Here are the stats for these hot dogs:
Kerry’s Low Sodium Version of Joshua Weissman’s Hot Dogs
58 Hot Dogs (6 inches in length)
- 72g, Coconut Flour
- 1 Tbsp Ground Coriander
- 1 tbsp, Garlic powder
- 2.50 tbsp, Smoked Paprika
- 2 tsp, Ground Black Pepper
- 2 tbsp(s), mustard powder
- 1 tablespoon, Brown Sweetener
- 0.75 cup, distilled water
- 3 lb(s), pork shoulder
- 3 lb(s), Beef Chuck
- 0.50 tbsp, Salt
- 5g, Curing Salt (Weight this PLEASE. This needs to be exact.)
- 1 package of collagen casings or natural casings, if available.
- If using natural casings, rinse off the salt from the casings. Soak in warm water for 1 hour. If using collagen casings, skip this.

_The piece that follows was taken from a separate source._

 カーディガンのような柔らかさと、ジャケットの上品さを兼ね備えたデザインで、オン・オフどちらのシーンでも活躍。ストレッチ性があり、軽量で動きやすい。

- Cut meat into long strips.
- Run strips through the meat grinder attachment in a stand mixer.
- After grounding the meat, give the meat one more pass through the meat grinder.

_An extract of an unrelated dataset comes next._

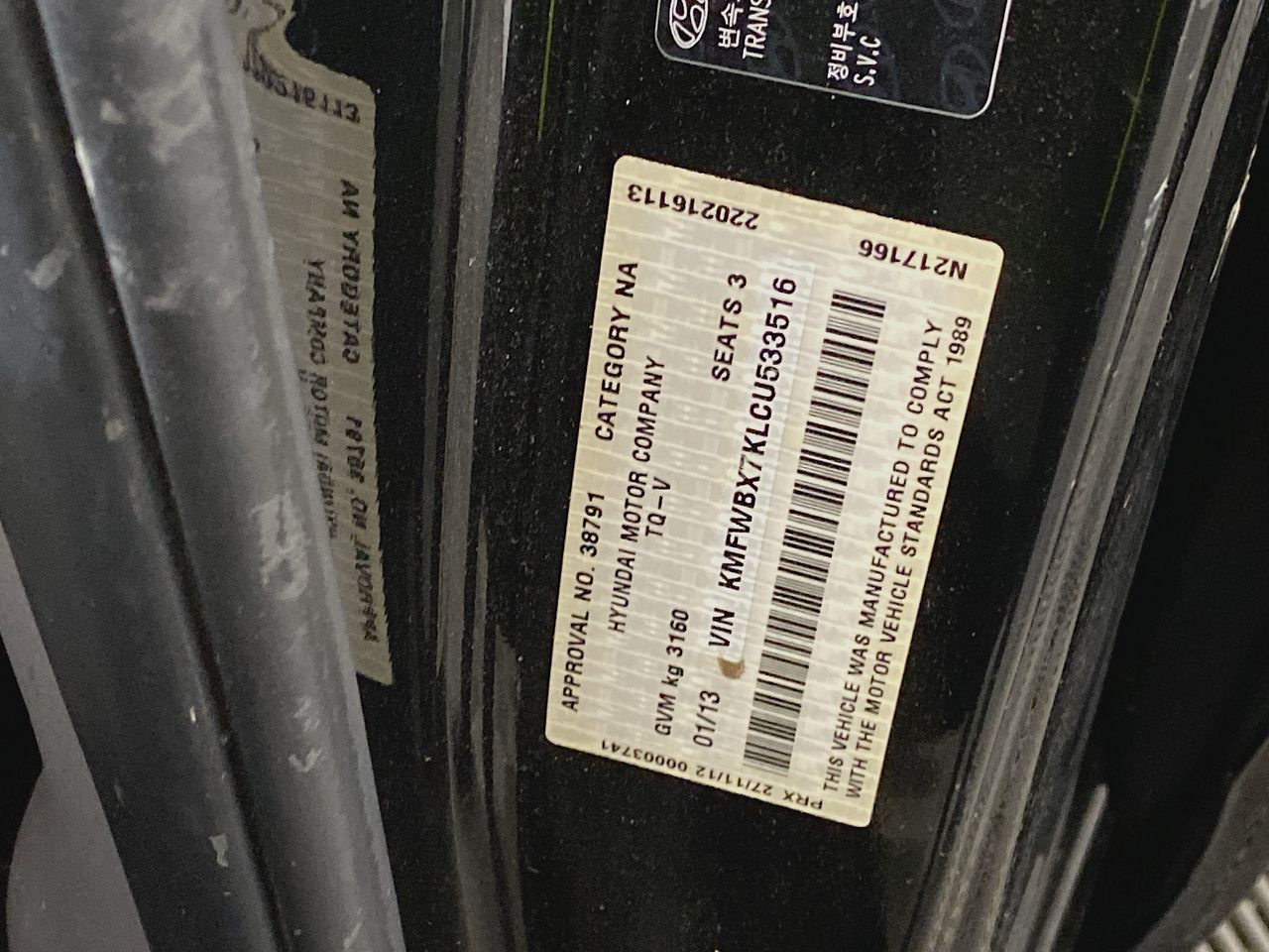 • VIN: KMFWBX7KLCU533516

- Knead the meat for 30 seconds before adding water and knead until it comes together.
- In a separate bowl, combine all dry ingredients and whisk until combined. Add ice water and mix until paste forms.

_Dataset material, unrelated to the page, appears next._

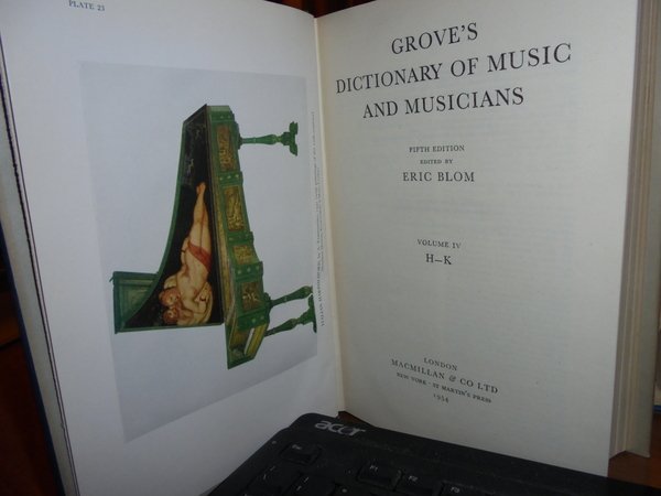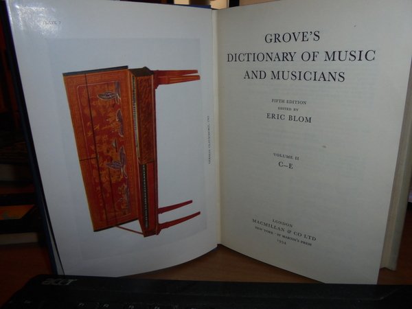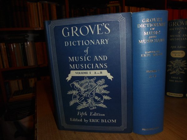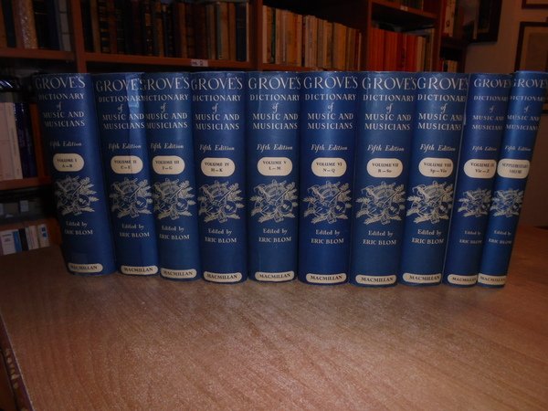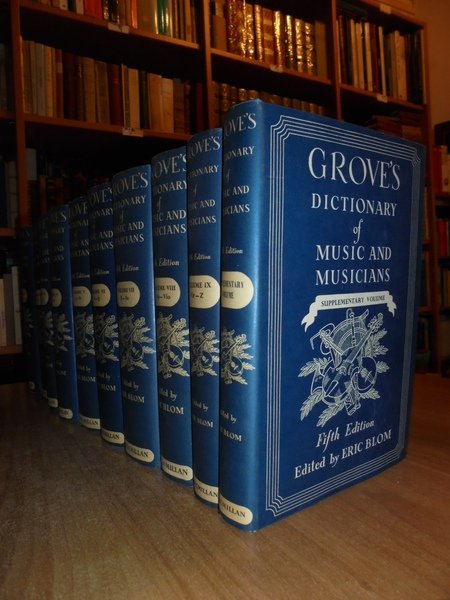 Edited by ERIC, BLOM. London, MacMillan & Co LTD, New York, 1954/1961 (supplementary volume). GROVE'S DICTIONARY OF MUSIC AND MUSICIANS fifth edition. 10 volumi in-8°, tela azzurra con titoli in oro nei dorsi e sovracopertine. Vol. I. xxxviii, 1078 pp. e 6 tavole f.t.; Vol. II. 996 pp. e 13 tavole f.t.; Vol. III. 864 pp. con 3 tavole f.t.; Vol. IV. 881 pp. con 17 tavole f.t.; Vol. V. 1048 pp. con 3 tavole f.t.; Vol. VI. 1040 pp. con 13 tavole f.t.; Vol. VII. 1016 pp. con 8 tavole f.t.; Vol. VIII. 828 pp. con 12 tavole f.t.; Vol. IX. 604 pp. con 1 tavola f.t. Vol. X. supplementary volume. xxxii, 493 pp. Tutti i volumi sono corredati da innumerevoli illustrazione nel testo e le tavole fuori testo sono anche a colori. Vendibile solo in Italia. Bell' esemplare. Uff. B - I - 4 - 2

- Add paste to the meat and mix until combined. 3-5 minutes.
- Slide a sheet casing over a sausage stuffer and start stuffing. Stuff until the casing is full. Make sure to leave a little room at the end to tie it off. Twist the casing at hot dog length. Repeat with the remaining casings and meat. NOTE – twist the casing between each hot dog really tight. If you don’t they will unravel.
- Setup a steamer and steam the hot dogs in batches for 15 minutes. Serve or freeze.